Which isn't to say that an agenda, a platform, a set of first steps, won't emerge.  Given time, it will.  But the wisdom of crowds (which, by the way, underlies the wisdom of markets) takes a while to assert itself.  The group entity needs a while to chew on the problem, to test (however imperfectly) various perceptions and suggestions, to decide what it wants for now.

In a very real sense, what the Occupiers are responding to is the nation's current economic and social unsustainability.  The two are interlinked -- you can't have a healthy society funded by a broken economy, and you can't operate a healthy economy in a broken society -- but they're not identical.  The amorphous crowds in major American cities don't yet know how to fix this pair of intertwined problems.  Of course, neither does the total assembly of elected officials.  Nor all the lobbyists and tank-thinkers in America stacked end to end.  Nor the higher education community.

Should more jobs, better jobs be a goal?  More affordable, better quality education?  Could a more equitable distribution of income and wealth make that possible?  Could a more functional political system make it happen?  Probably.  Perhaps.  I don't know.  They don't know.

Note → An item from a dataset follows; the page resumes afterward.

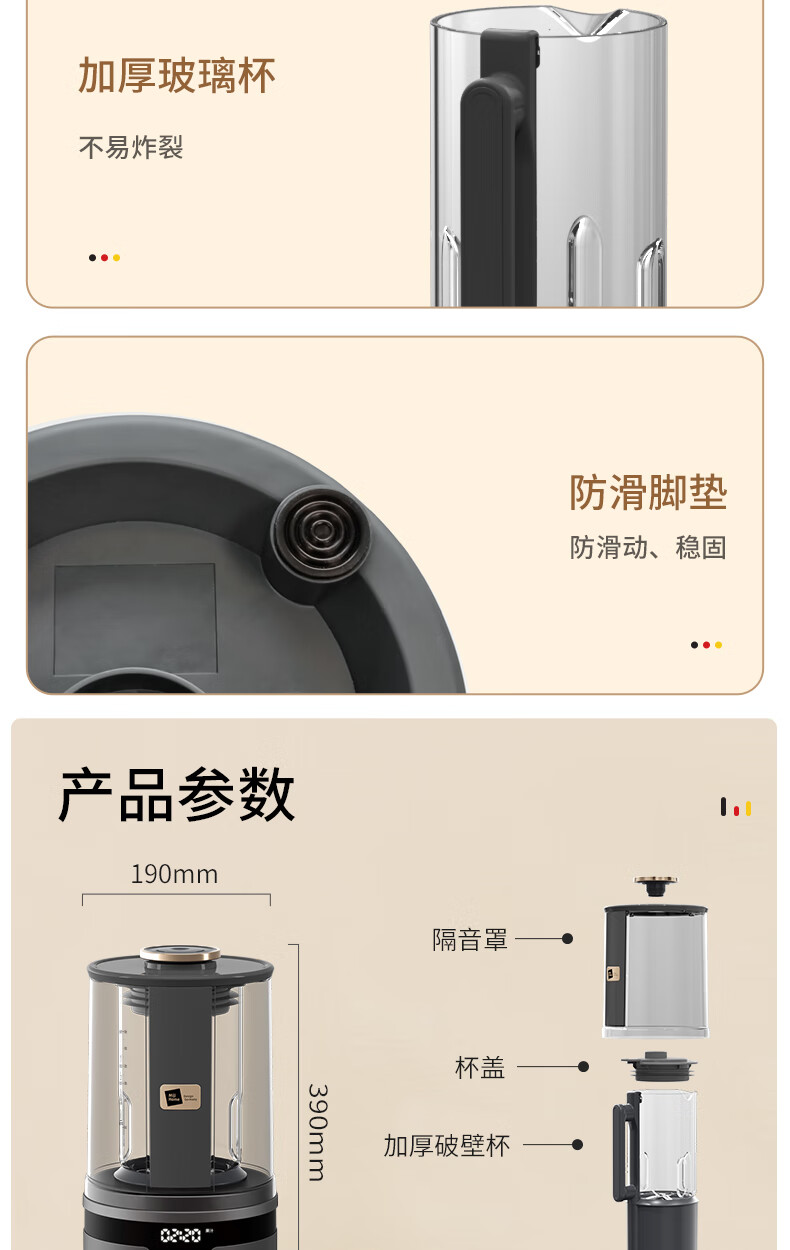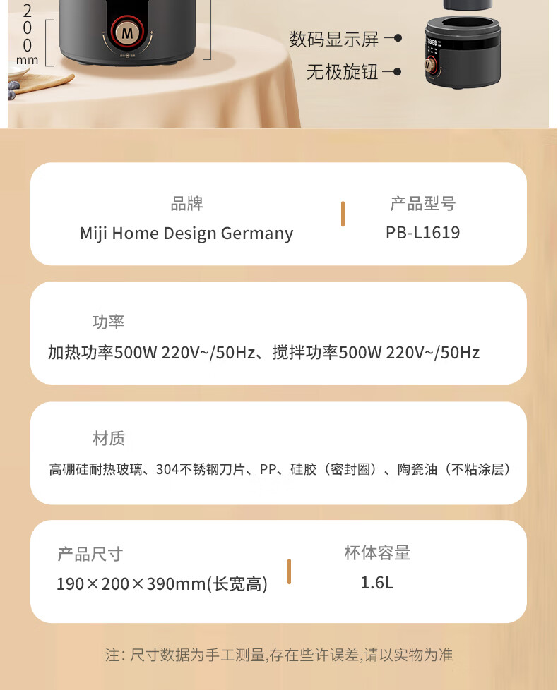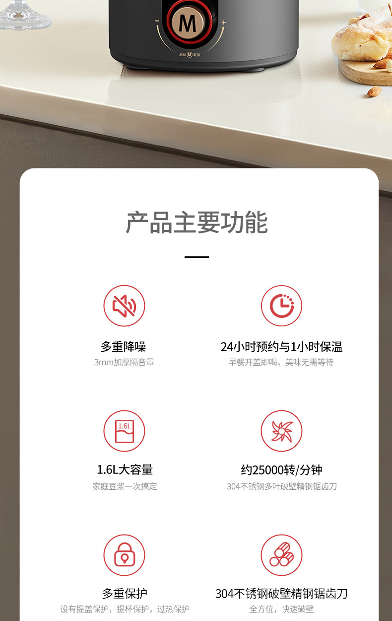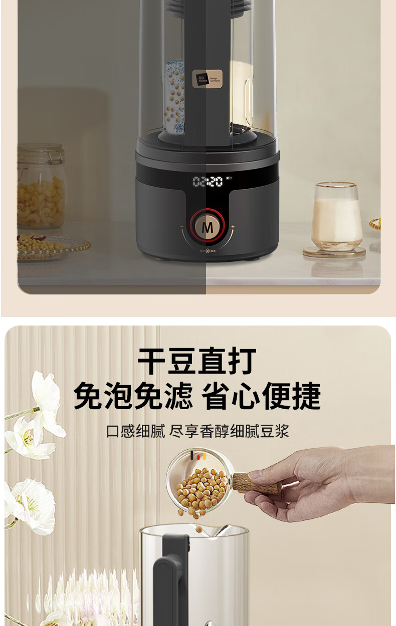 【小家电】米技(Miji Home)米技生活破壁机家用多功能柔音豆浆机 PB-L1619 灰色 HF

But what the Occupiers, in all their inchoateness, do know and express with their words and their bodies, is that the current state of things has got to change.  What they're accomplishing, and what they'll (likely after a winter-time lull) begin to accomplish more successfully, is to build public awareness that all of us really do know what each of us individually knows -- this isn't working.  It isn't working for the people.  It certainly isn't being worked (operated) by the people.  Yet we don't want it to perish from the Earth.  We want to sustain our society.  And ourselves.